WORK REQUIRED
Begin at the line that holds "Часы настольные будильник" and copy each line exactly until the data below ends, including that last line but no pictures.

THE DATA
=== Begin Enclosure ===
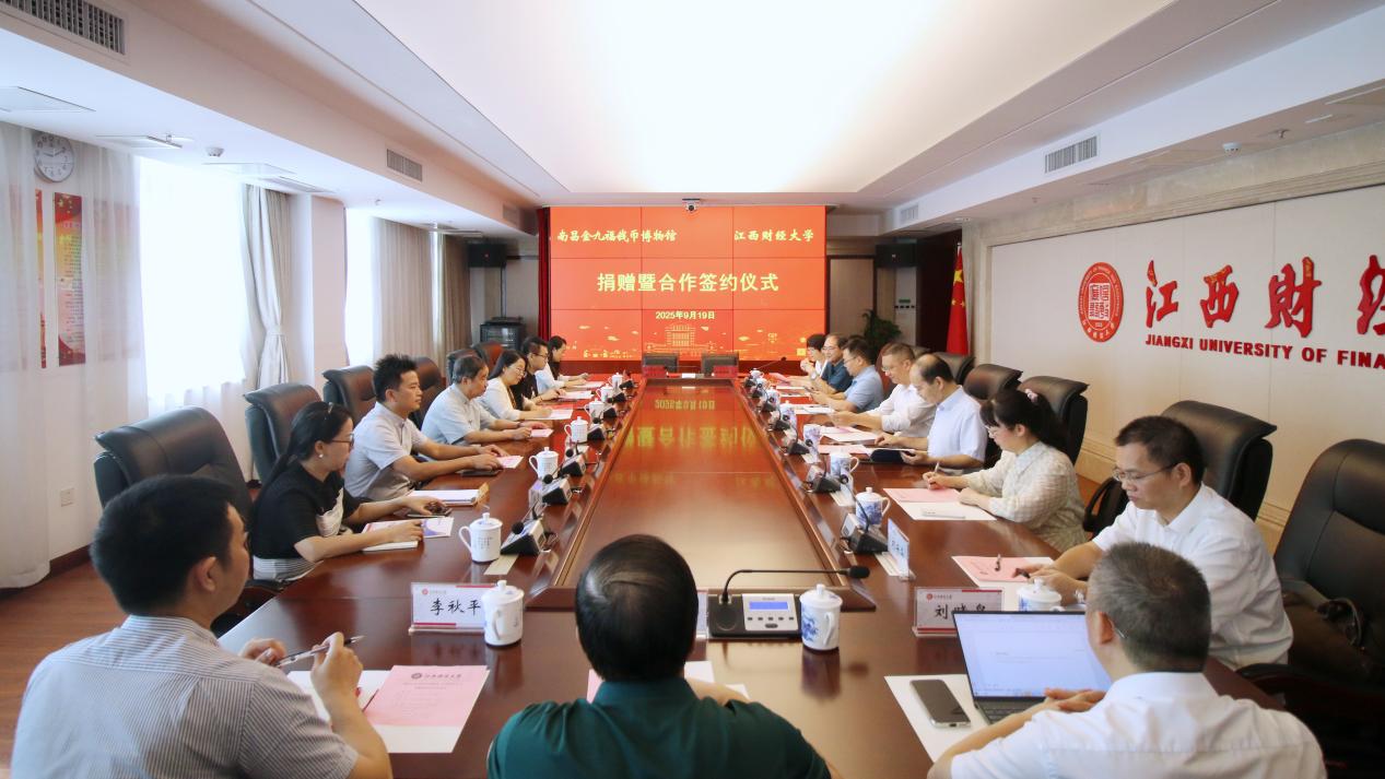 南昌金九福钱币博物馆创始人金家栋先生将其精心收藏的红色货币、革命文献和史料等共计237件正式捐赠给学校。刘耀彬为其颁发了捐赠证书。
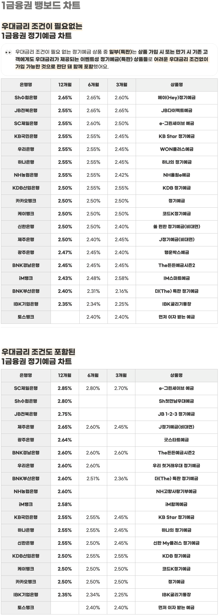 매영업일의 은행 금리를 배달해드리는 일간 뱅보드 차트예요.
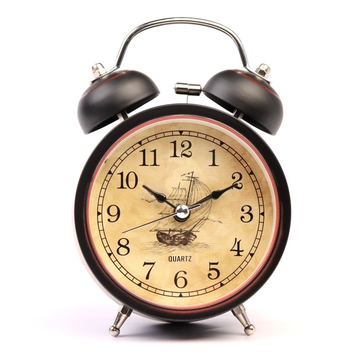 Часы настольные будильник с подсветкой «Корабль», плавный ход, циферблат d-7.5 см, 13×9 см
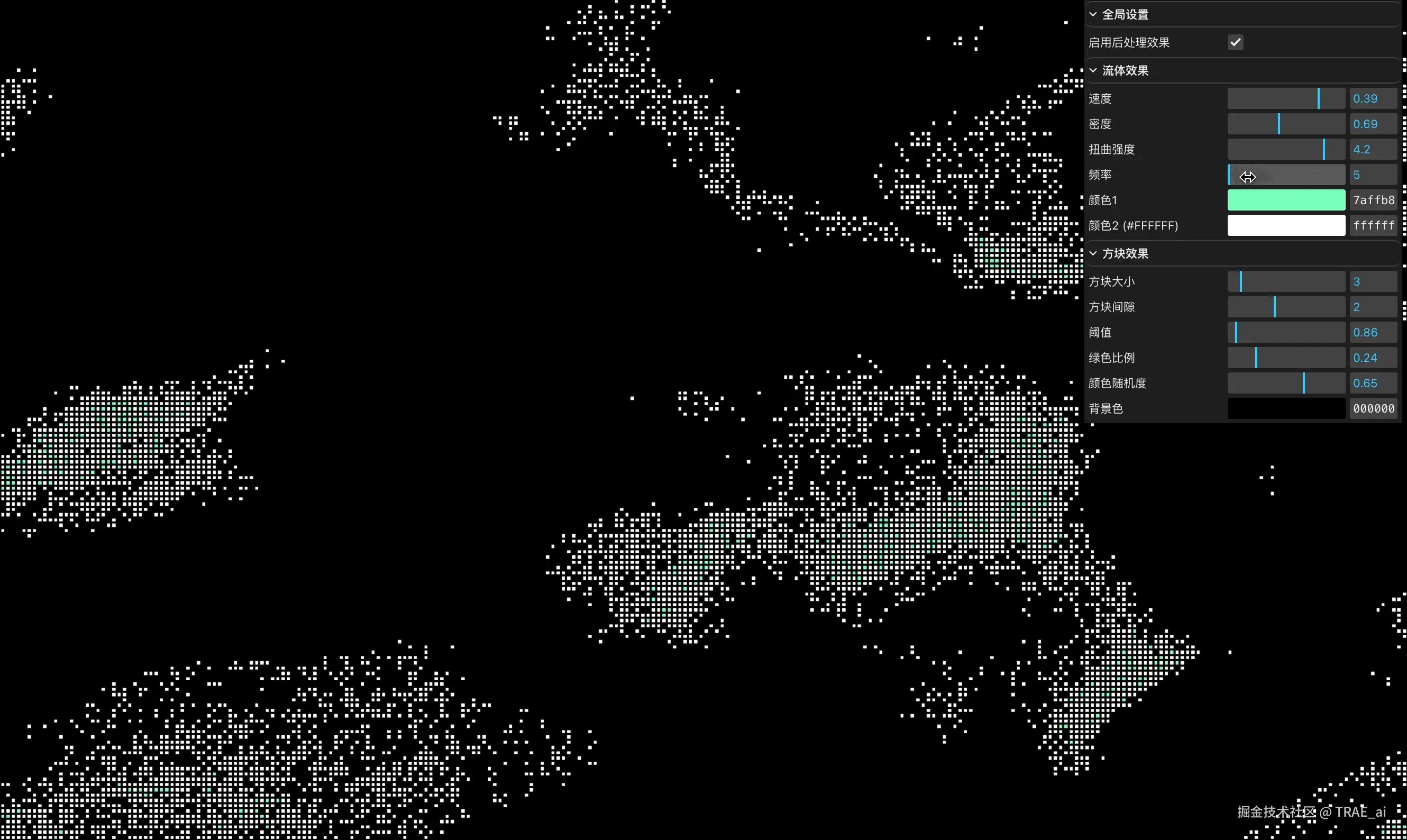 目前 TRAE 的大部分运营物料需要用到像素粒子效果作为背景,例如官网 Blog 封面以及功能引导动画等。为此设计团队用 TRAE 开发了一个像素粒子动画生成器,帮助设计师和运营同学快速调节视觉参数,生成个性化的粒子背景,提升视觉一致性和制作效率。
=== End Enclosure ===
EXERCISE OUTPUT
 Часы настольные будильник с подсветкой «Корабль», плавный ход, циферблат d-7.5 см, 13×9 см
 目前 TRAE 的大部分运营物料需要用到像素粒子效果作为背景,例如官网 Blog 封面以及功能引导动画等。为此设计团队用 TRAE 开发了一个像素粒子动画生成器,帮助设计师和运营同学快速调节视觉参数,生成个性化的粒子背景,提升视觉一致性和制作效率。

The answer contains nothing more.